Leveraged ETFs and Forex? Most traders are smart enough to know that leverage isn’t just free money, and it certainly doesn’t guarantee results. Simply put, leverage is nothing more than borrowed money. It can make a great idea seem brilliant and a bad idea into a career ender. But using leverage to your advantage means understanding it and how it affects your emotions. Here are two critical ways that leverage can work for you – or against you.
While Forex brokers will often allow you to trade with up to 1:100 leverage, it’s doubtful – and borderline suicidal – for your portfolio. The reason being that losses have a way of outpacing gains very quickly. Repeatedly reaching for maximum leverage is liable to erase any gains you happen to make while trading forex.
Common sense makes it seem like a 10% gain is “equal to” or “cancels out” a 10% loss. But it actually takes a larger percentage of profit to get back in the black after a loss. Leverage makes it 10x harder, or even more, as you’ll see below.
When you use large leverage and lose on a trade, your available funds to put up for collateral decrease and your risk of stopping out increases. Your broker will typically recover their collateral by closing positions, which will only make it harder for you to return to profitability. You won’t have as many assets to work it, so you’ll be hoping for even larger gains.

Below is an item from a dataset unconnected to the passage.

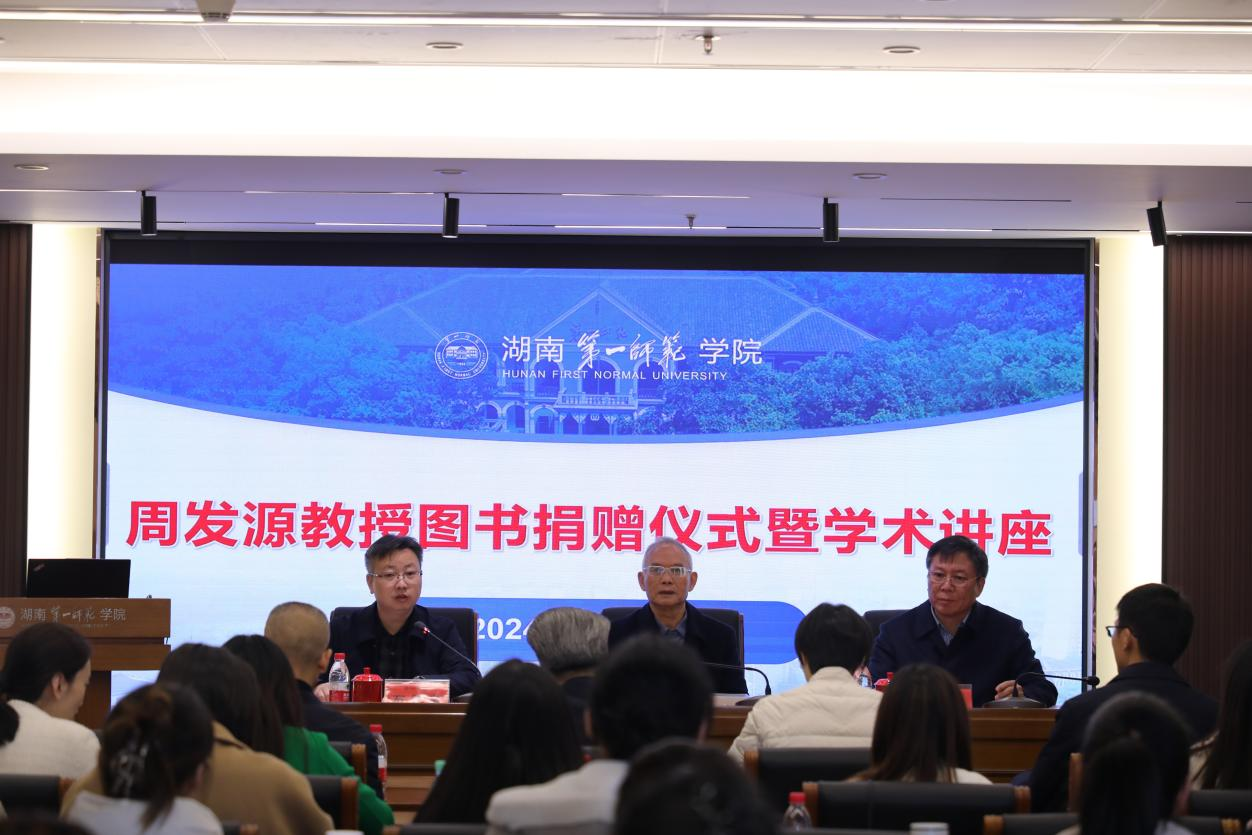 近日,湖南省生态文明研究与促进会会长、省碳达峰碳中和专家咨询委员会副主任、省社科联原党组书记周发源研究员应邀在百熙楼701会议室作题为“我的学问人生”专题报告。讲座由副校长石元泉主持,我校老师及研究生代表聆听讲座。
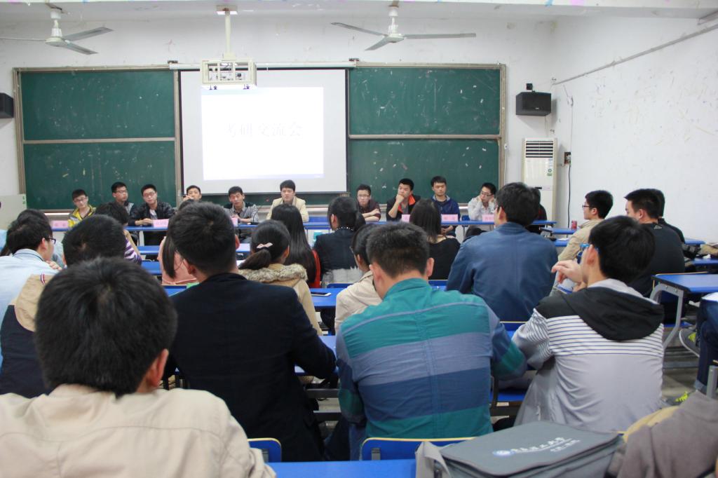 4月21日下午,理学院在学院二楼报告厅举行考研交流会。来自2011级各专业通过研究生入学考试的12名毕业生和2012级各专业有意向考研的120余名学生参加了交流会。

This story happens all the time. It’s closely related to Gambler’s Amnesia – which we’ve blogged about before – and has a way of sneaking up when we least expect it.
For a simple illustration: say you have $100 in your account and have chosen to trade at an absolute white-knuckle leverage ratio of 1:100. For every $1 of your account balance you trade, you’re also trading $99 of borrowed money, so you’re able to make trades as if you control $10,000.
Say you invest just a small 10% of your total available capital – $1,000 – in a currency pair. If that currency pair experiences a rare, but not impossible, 10% dip, then you would be down $100, i.e. your entire account balance. Poof. It’s gone. You have no collateral left to even get more leverage to try again. That’s how easily things can go wrong with leverage. You run the risk of losing all your capital – or even more – without even trading all your capital.
Trading leveraged ETFs is common for traders who want someone else to do some of the work of stock picking for them.
Leveraged ETFs often mirror an index fund or other portfolio of stocks. A leveraged ETF will often claim to maintain a 2X or 3X exposure to a given fund or asset class, with the unspoken goal of the fund to have the underlying assets appreciate enough that they pay off the cost of the capital. So, pretty much the same business model as everything else under the sun these days.
A disadvantage of leveraged ETFs is that the portfolio is continually rebalanced, which comes with added costs. Experienced investors who are comfortable managing their portfolios are better served by controlling their index exposure and leverage ratio directly, rather than through leveraged ETFs.
Just like the example above, leveraged ETFs can also lead to losses that outpace gains. For example: $SPY is one of the most popular ETFs on the market, with daily volume routinely in the tens of millions. $SPUU is a 2X leveraged ETF that tracks the same underlying portfolio of stocks as $SPY, but aims to (in the fund listing’s own words) “seek a return that is 200% the return of its benchmark index for a single day. The fund should not be expected to provide two times the return of the benchmark’s cumulative return for periods greater than a day.”
Let’s say $SPY is sitting at $100. If $SPY dips 1% then gains 1% on consecutive days, it will end up at:
$100 x (.99) x (1.01) = $99.99
Meanwhile, the 2X leveraged $SPUU will end up at:
$100 x (.98) x (1.02) = $99.96
Sure, it’s only .03% less after two days, but soon enough, those differences add up to big, predictable losses that any medium-to-long-term trader should have the wherewithal to avoid. Hence the caveat pulled straight from the fund’s own website. “The fund should not be expected to provide two times the return of the benchmark’s cumulative return for periods greater than a day.”